2026-02-20

📰 Daily Digest — 2026-02-20

6 items | Business, AI, DevTools

📋 Quick Summary

Jack Altman’s 5 Lessons on Finding Product-Market Fit

Source: a16z speedrun (Substack) · Category: Business · Link: Original

Jack Altman shared five seed-stage lessons in an a16z fireside chat.
If PMF exists, traction appears quickly; repeated “just one more feature” requests often signal weak PMF.
Early hiring should focus on “diamonds in the rough” rather than obvious, fully priced talent.

Cursor’s Self-Learning Coding Agents

Source: Cursor Blog · Category: AI · Link: Original

Cursor introduced a “Dynamic Context Discovery” pattern to reduce repeated agent mistakes.
Converting tool outputs into files and syncing MCP tools by folders reduced token use by 46.9%.
Agent skills are defined as files and discovered dynamically with grep and semantic search.

Lessons from Building Claude Code: Prompt Caching Is Everything

Source: Anthropic Engineering · Category: AI · Link: Original

Anthropic explains why prompt caching is core to production-grade agents.
Reusing prior round-trip computation dramatically lowers latency and cost.
Cache-friendly design requires ordering static before dynamic prompt parts and keeping model/tool sets stable.
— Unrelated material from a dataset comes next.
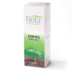 תמצית צמחית 'STOP M S' של המותג Neta, באריזת קופסה ירוקה עם רקע של צמח צעיר.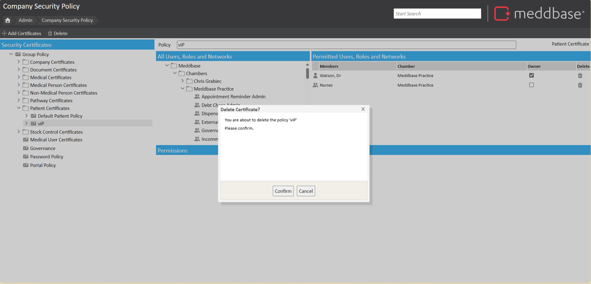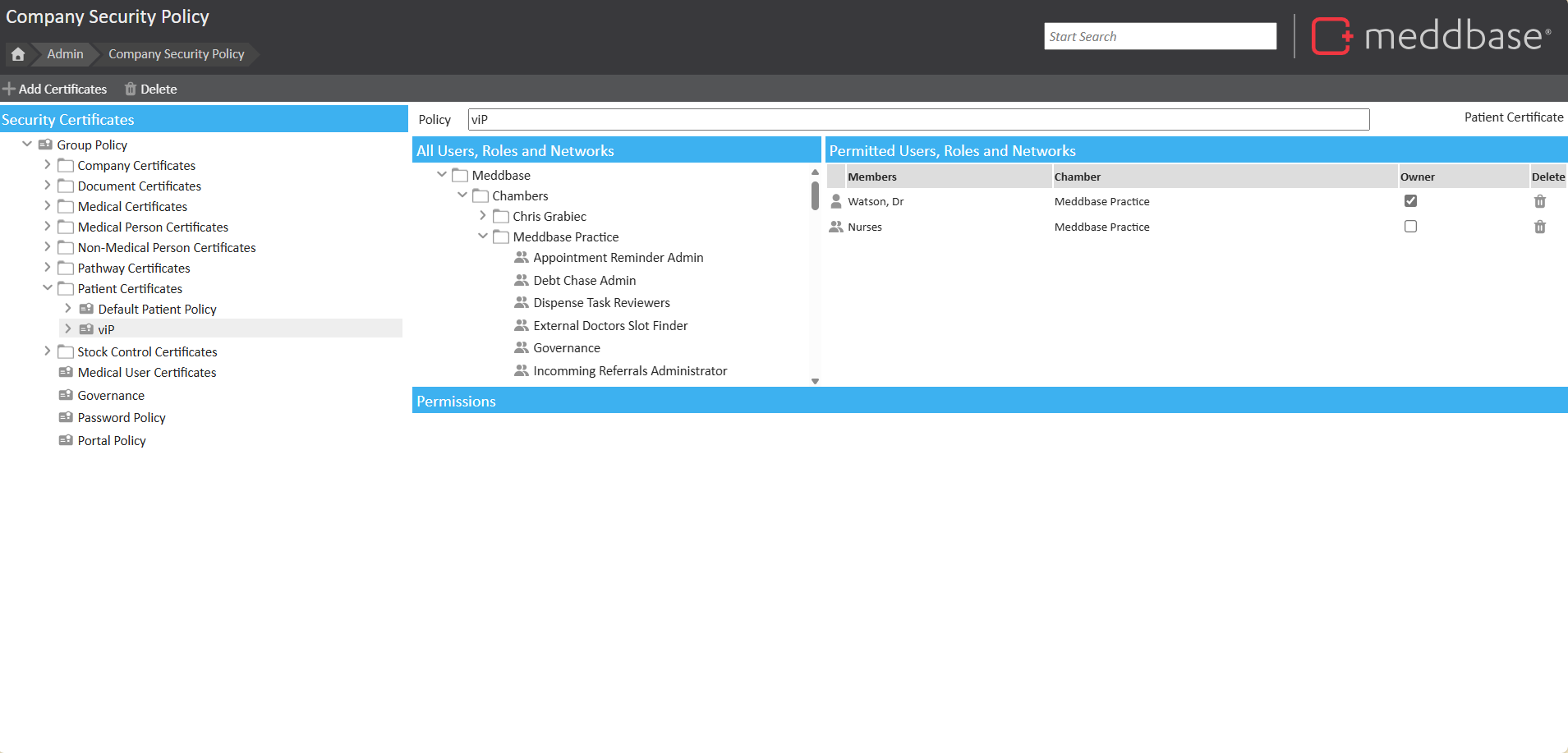 Security Policies govern different aspects of data security in Meddbase. Each policy type (or certificate) governs a set of user permissions.

Andrej Karpathy: The Future of Customized Software

Source: X (Twitter) · Category: AI · Link: Original

Karpathy reverse-engineered a treadmill API and built a personalized dashboard with an LLM agent in about one hour.
He argues that app-store style discrete app selection is becoming outdated.
Progress is constrained because most products still do not expose AI-native CLI/API interfaces.

Prompt Auto-Caching with Claude

Source: LangChain Blog · Category: DevTools · Link: Original

Claude API now supports automatic caching, pricing cached tokens at about 10% of uncached cost.
A single cache_control parameter replaces complex manual breakpoint management.
Combined with cache-friendly prompts, this can materially improve unit economics for agents.

OpenAI Prompt Caching 201

Source: OpenAI Cookbook · Category: DevTools · Link: Original

OpenAI describes strategies that can reduce TTFL by up to 80% and input cost by up to 90%.
Cache hits require exact prefix matching for at least 1,024 tokens, matched in 128-token blocks.
Responses API can achieve 40-80% better cache utilization than Chat Completions.

📝 Detailed Notes

1. Jack Altman’s 5 Lessons on Finding Product-Market Fit

Jack Altman (Lattice co-founder, Alt Capital) shared practical PMF lessons for seed-stage teams.

Five lessons

Hire early “diamonds in the rough”
- Elite candidates often have many safer options and may not join very early startups.
- Look for high-upside people the market has not fully priced in yet.
Real PMF shows up quickly
- Lattice’s review product was their third pivot.
- Paying customers appeared before the product was fully finished.
- Endless “one more feature” requests usually indicate solution mismatch, not PMF.
Listen to customers without losing your north star
- Large near-term deals can pull the roadmap off strategy.
- Out-of-scope asks often cascade into more misaligned asks.
Operate proactively, not reactively
- Many founders spend most of their time reacting to external requests.
- Past ~20 employees, the CEO role shifts toward building the system that builds products.
No universal startup advice exists
- Advice optimized for the broadest audience often drops context.
- Follow fundraising structure, but protect timeline compression and resist pressure.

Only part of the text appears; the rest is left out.